Many retirees are spending their retirement savings quite frugally, according to a handful of recent reports and studies. These studies—from the Employee Benefits Research Institute, United Income, and the Boston College Center for Retirement Research—reveal that as a result, retirees might end up passing away with a lot of money in the bank, money they might have been able to enjoy while they were alive.
There are a handful of potential reasons for this phenomenon, including the possibility that retirees are afraid of outliving their money, that they’re saving their money for that proverbial “rainy day,” or that they haven’t yet shifted their mindset from accumulating savings for retirement to spending money in retirement.
Consider a strategy to help you spend more in retirement
While I don’t intend to chastise pre-retirees and retirees for being frugal, I do want them to know there’s a straightforward strategy they can use to safely spend more money in retirement. This strategy is featured in my latest book, Don’t Go Broke in Retirement: A Simple Plan to Build Lifetime Retirement Income.
Appropriately, the strategy is called the Spend Safely in Retirement Strategy, and it’s based on robust research that I led at the Stanford Center on Longevity, in collaboration with the Society of Actuaries. We systematically analyzed and compared 292 retirement income strategies, using sophisticated analytical techniques. Two key metrics we used were the amount of lifetime retirement income you can expect as well as the amount of savings you can access at any point in time. Using these metrics, the Spend Safely Strategy (for short) compared favorably to the other 291 strategies we analyzed, many of which are much more complex.
The Spend Safely Strategy is designed to withstand stock market crashes, and indeed, the recent financial turmoil successfully stress-tested the strategy, due to the high level of risk-protected income.
Adopt a three-step strategy
The basic idea behind the strategy is to develop sources of retirement income that are designed to last the rest of your life, no matter how long you live. Then limit your monthly and annual spending to the amounts of retirement income you expect to receive.
To generate sources of lifetime retirement income, follow these three steps:
- Optimize your Social Security benefits with a careful strategy to delay your benefits as long as possible, but no later than age 70. If you retire before age 70, enable the delay by either working part time or implementing a Social Security bridge payment.
- Invest your retirement savings in a low-cost balanced, target date, or stock index fund—these funds are commonly found in 401(k) plans or IRA platforms. Use the IRS required minimum distribution (RMD) rates to determine the amounts that you can safely withdraw each year to help pay for living expenses. Use the same RMD methodology to calculate your annual withdrawal if you retire before the age the RMD applies to you (age 70 if you were born on or before June 30, 1949, age 72 for all others).
- Set aside some money for an emergency fund, so you don’t need to withdraw from the savings that are generating your retirement income.
Explore refinements and adjustments to customize the strategy
The Spend Safely Strategy isn’t rigid—it includes adjustments and refinements to customize the strategy to your own goals and circumstances. As such, it’s also a decision-making framework.
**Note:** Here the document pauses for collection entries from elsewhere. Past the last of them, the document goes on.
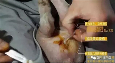 4、挤出睾丸。
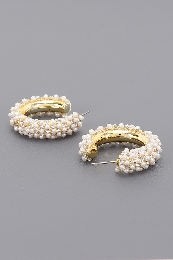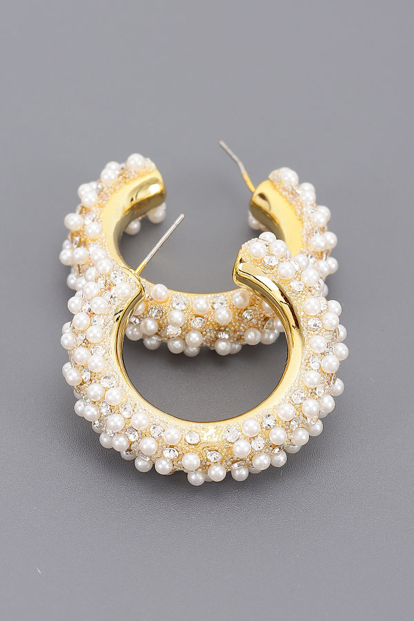 - * These are Pearl and Rhinestone Hoop Earrings from H&D Accessories. Featuring a bold hoop design adorned with clusters of pearls and shimmering rhinestones set on a metallic framework, creating a luxurious textured surface. Ideal for formal events or evening gatherings, adding a glamorous statement to cocktail dresses or elegant blouses.
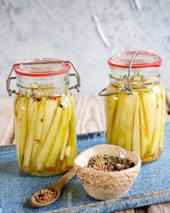 1. In jedes Glas 1-2 Teelöffel Einlegegewürz geben und den Sud heiß über das Gemüse geben, bis es abgedeckt ist.
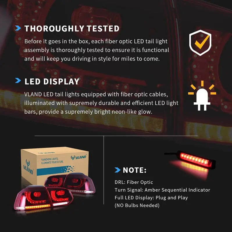 Does your 2008-2013 Volkswagen Golf MK6 deserve lighting that matches its iconic design? Factory taillights often fail to capture your hatchback's true character with dated illumination and lackluster styling. VLAND's precision-engineered LED taillights deliver a complete transformation, featuring dynamic sequential technology and premium construction that enhances both safety and style through seamless OEM integration.
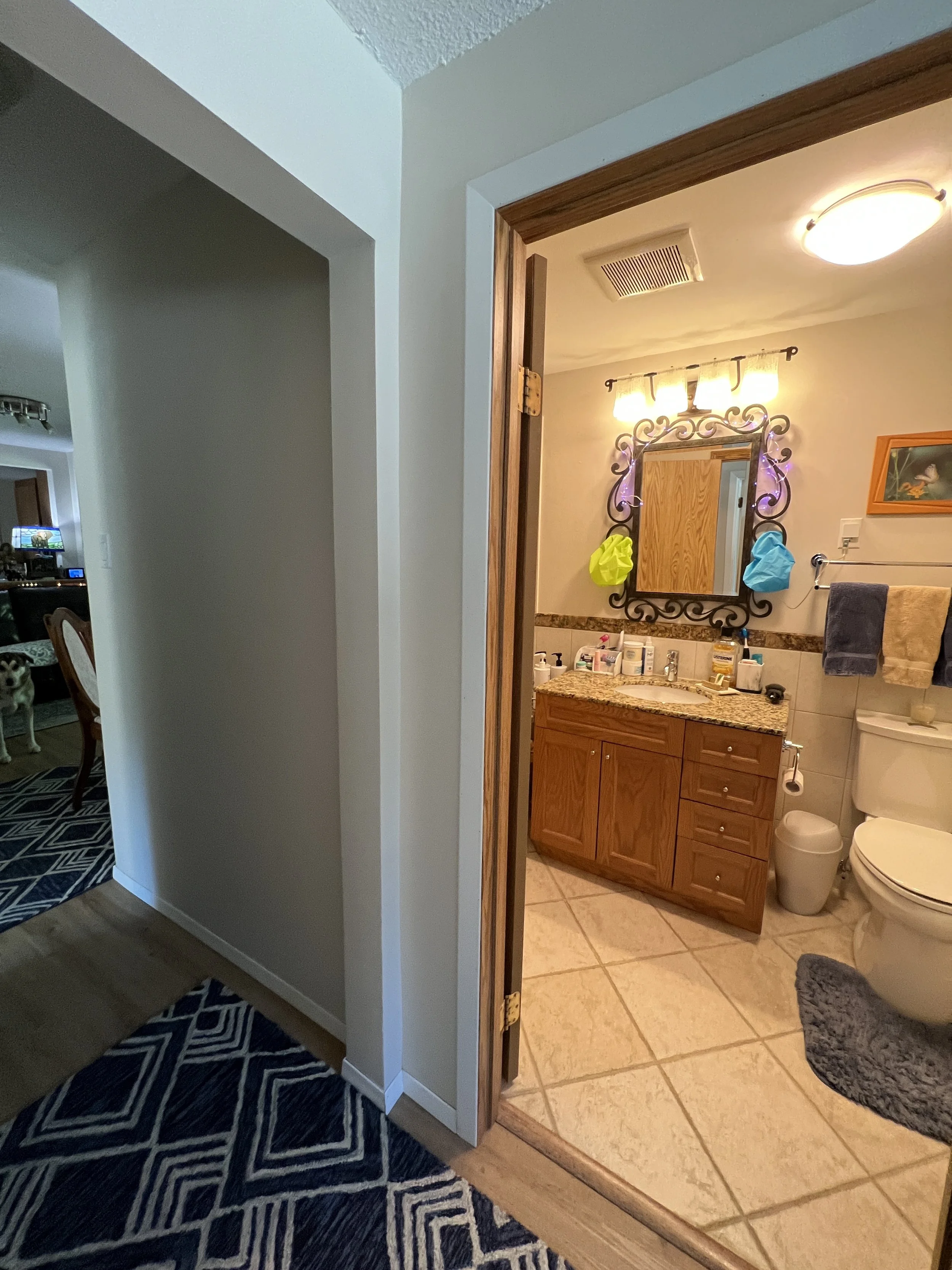 This couple's main bathroom had seen better days and needed an update, but, like many of our clients, they wanted a space where they could age in place for many years to come, prolonging their time in their home. So, why this bathroom isn't barrier-free, we did incorporate some features that allow our clients to live in the space now AND in the future such as sleek grab bars in the shower, luxury shower fixtures that promote wellness, a floating vanity, a comfort-height toilet, and a pocket door instead of a swing door.
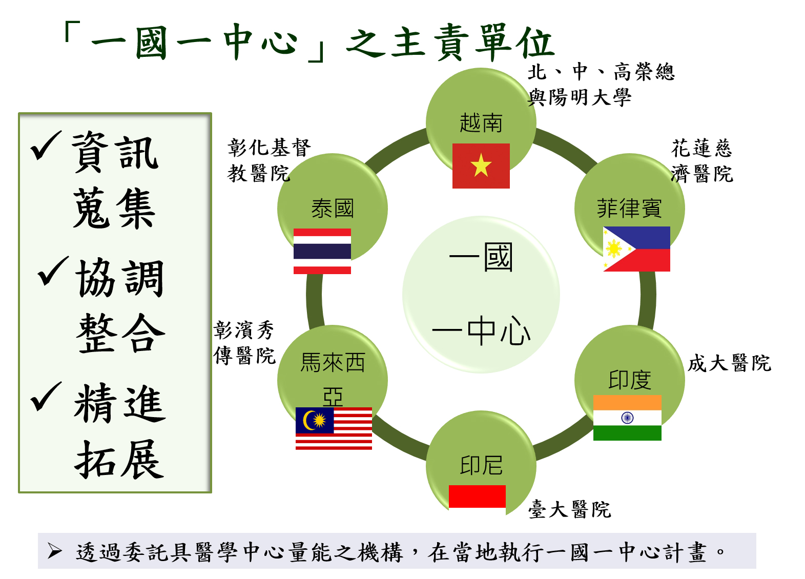 一、 藉由我國醫療衛生軟實力,深耕醫衛人脈網絡,擴大我國在新南向國家的影響力。
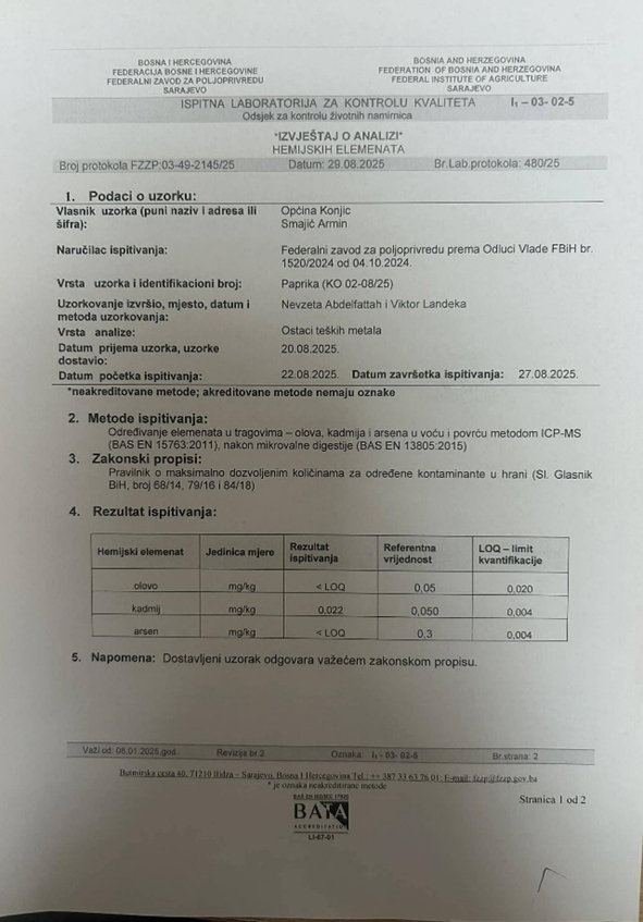 - Svi ispitani uzorci (slučajnim odabirom) u potpunosti odgovaraju strogim zakonskim propisima i kriterijima o sigurnosti hrane. U prilogu neke od analiza.
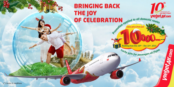 (東京、2021年12月21日) - ベトジェットでは、就航10周年と祝祭シーズンを記念して、ベトナム国内線全路線において10,000ドン(*)(約50円)からの特別キャンペーン運賃を設定しました。
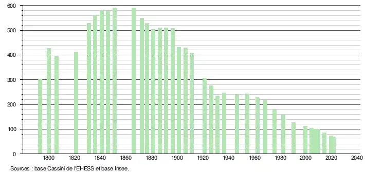 L'évolution du nombre d'habitants est connue à travers les recensements de la population effectués dans la commune depuis 1793. Pour les communes de moins de 10 000 habitants, une enquête de recensement portant sur toute la population est réalisée tous les cinq ans, les populations légales des années intermédiaires étant quant à elles estimées par interpolation ou extrapolation[18]. Pour la commune, le premier recensement exhaustif entrant dans le cadre du nouveau dispositif a été réalisé en 2004[19].
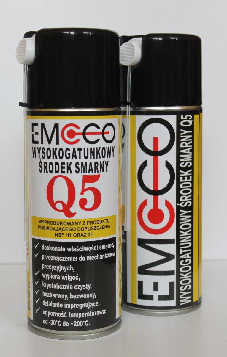 Preparat EMCCO Q5 to wysokogatunkowy ultra czysty środek smarny. Produkt wypiera wodę, ma dobrą płynność w niskich temperaturach, nie posiada smaku i zapachu. Może on być stosowany jako środek smarny do mechanizmów precyzyjnych, łożysk, jako środek czyszczący do stali nierdzewnej, jako środek smarny w układach pneumatycznych, jako środek antyadhezyjny do form i podajników.
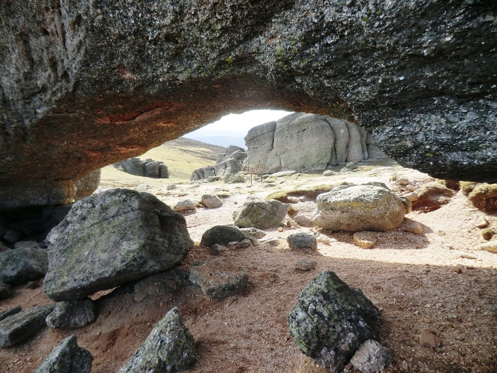 Accedemos a un amplio collado, a la izquierda desciende a las Fuentes del Duero, nacimiento del tercer río más largo de la Península, 897 km. Al norte el Urbión al alcance de la mano. El sendero se desdibuja entre rocas y arena de cuarzo. A la derecha un extraordinario arco natural abierto en la roca de 15 metros de luz.
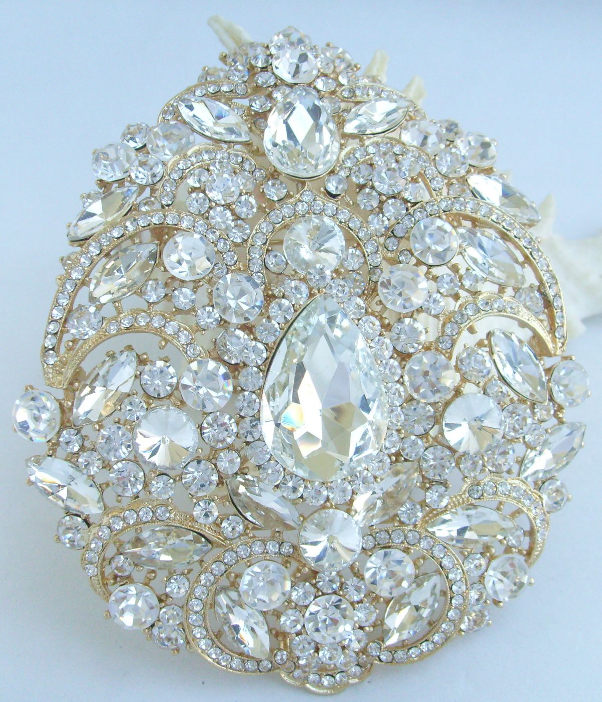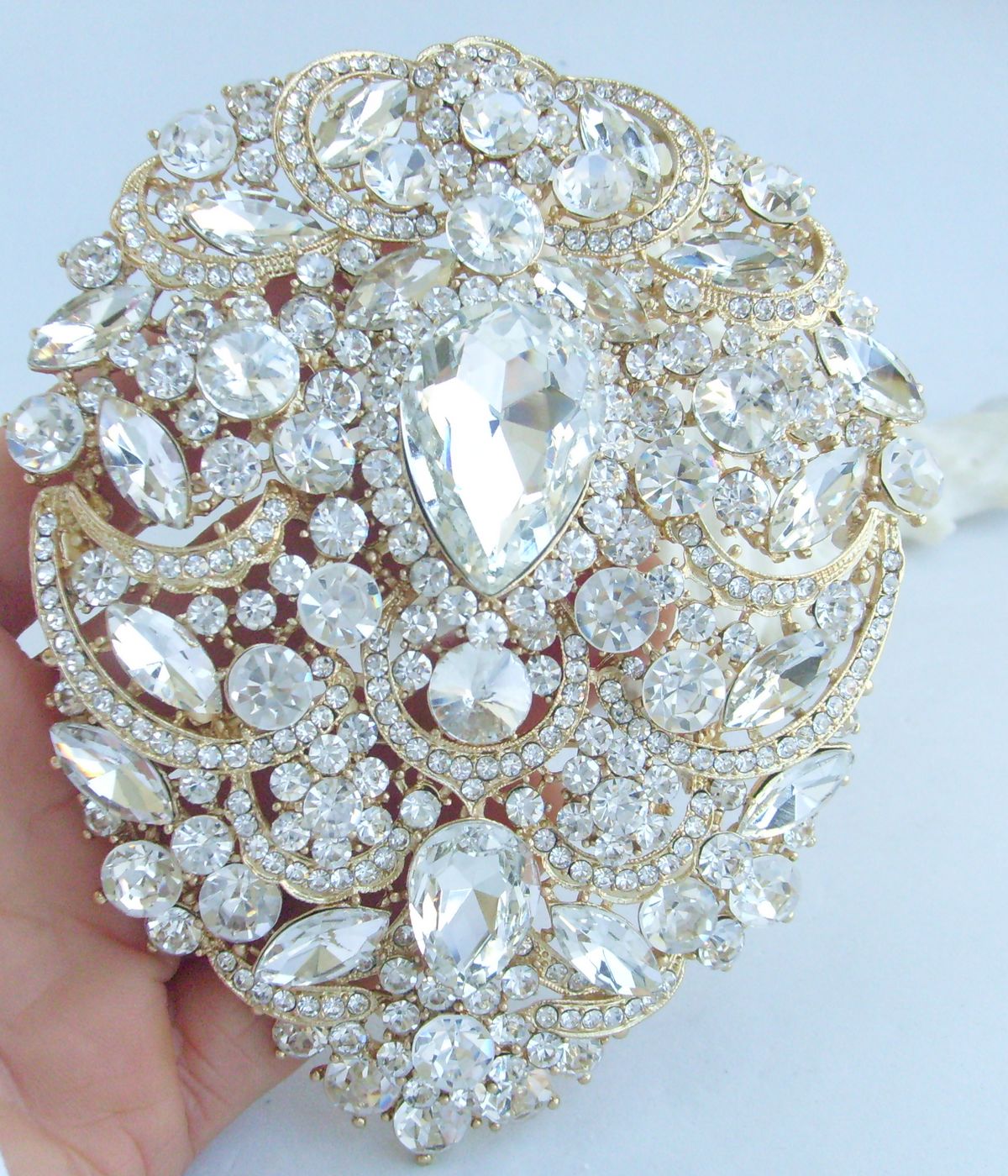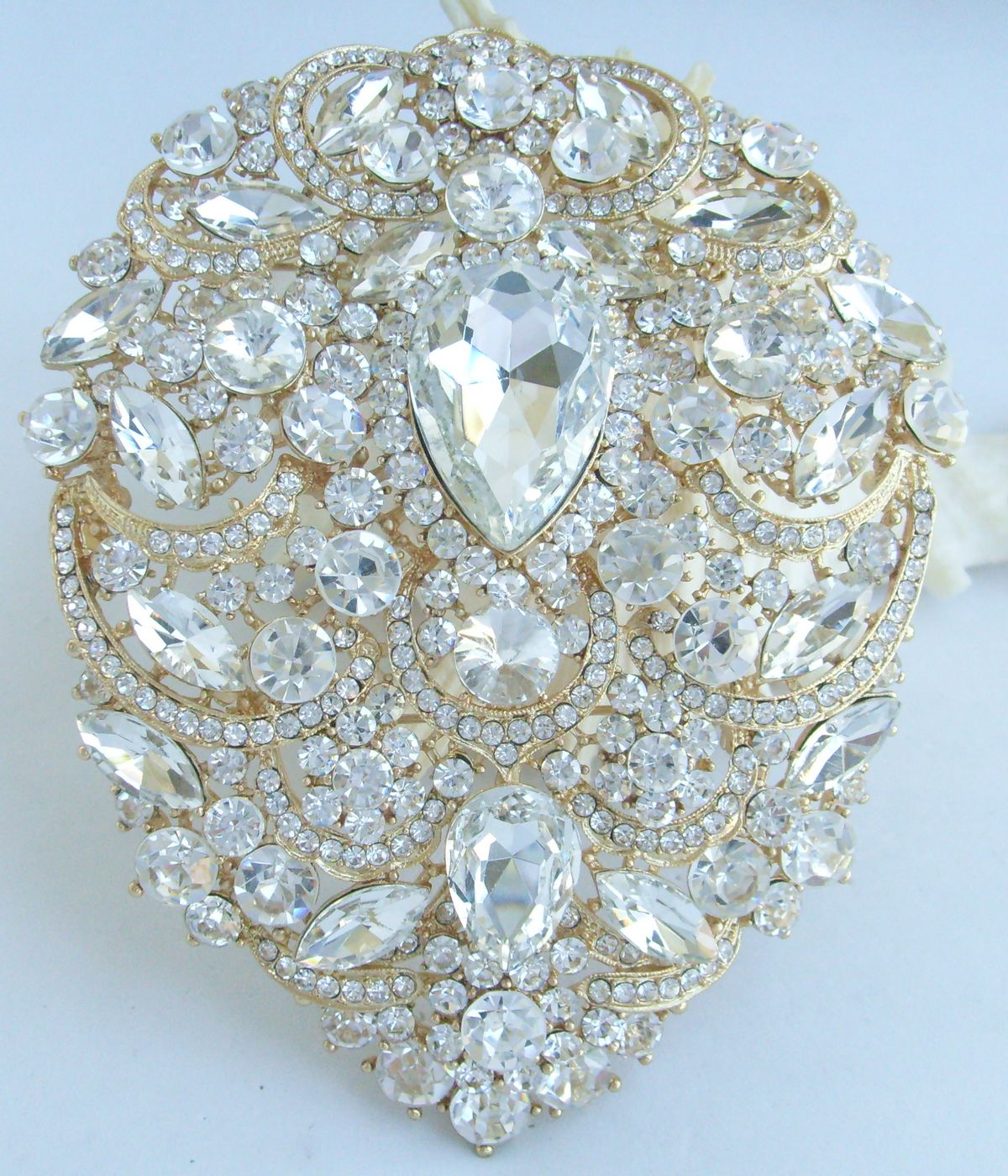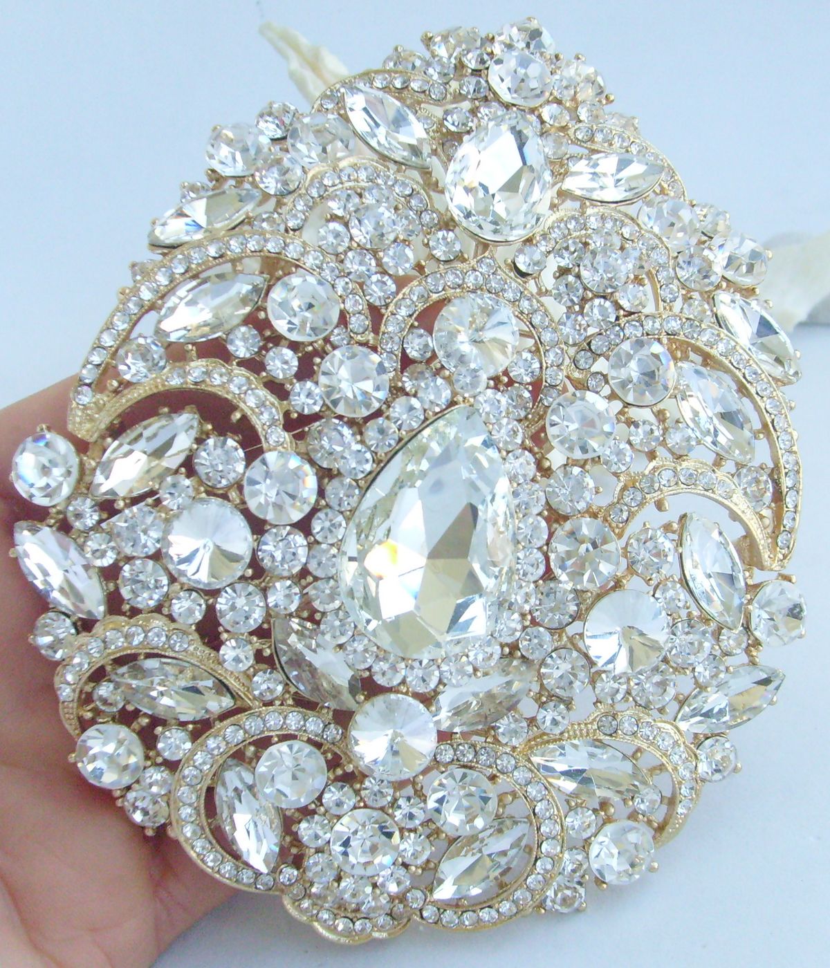 Sindary 5 Inch Rhinestone Teardrop Brooch Pin Pendant Austrian Crystal Large Brooch BP04045 (Gold-Tone Clear) 120g

For example, you can use adjustments to safely achieve these goals:
- Generate retirement income before the optimal age to start Social Security benefits.
- Start retirement income before the RMD rules apply to you.
- Develop additional sources of guaranteed retirement income, if that would make you feel safer.
- Spend more money on travel in your early years of retirement, while you are still active and vital.
- Set aside some savings to address potential medical and long-term care expenses late in life.
- Reflect if you’re in poor health.
- Help family members or give to charity.
You can implement the Spend Safely Strategy using virtually any IRA or 401(k) plan, with or without the help of a financial adviser. If you feel more confident working with an adviser, understanding the strategy can help you have an informed discussion with that adviser.
When it comes to their money, some people express a desire to spend all of it while they’re alive and die with nothing in the bank. The trouble is, if you aren’t prescient about your date of death, you might spend too much money and end up with nothing in the bank years before you pass away. The Spend Safely Strategy offers a realistic balance between frugality on the one hand, and spending too much money and outliving your savings on the other.
Don’t Go Broke in Retirement contains the information you need to implement the strategy and the refinements discussed here, as well as helpful examples to assist with your retirement planning. It also identifies useful tools and resources that can help with your planning, and it includes a handy checklist.
It may take some time and effort on your part to build your lifetime retirement income portfolio, but it’s a very good use of your time, considering that you should be planning to enjoy a retirement that lasts for 25 years or more.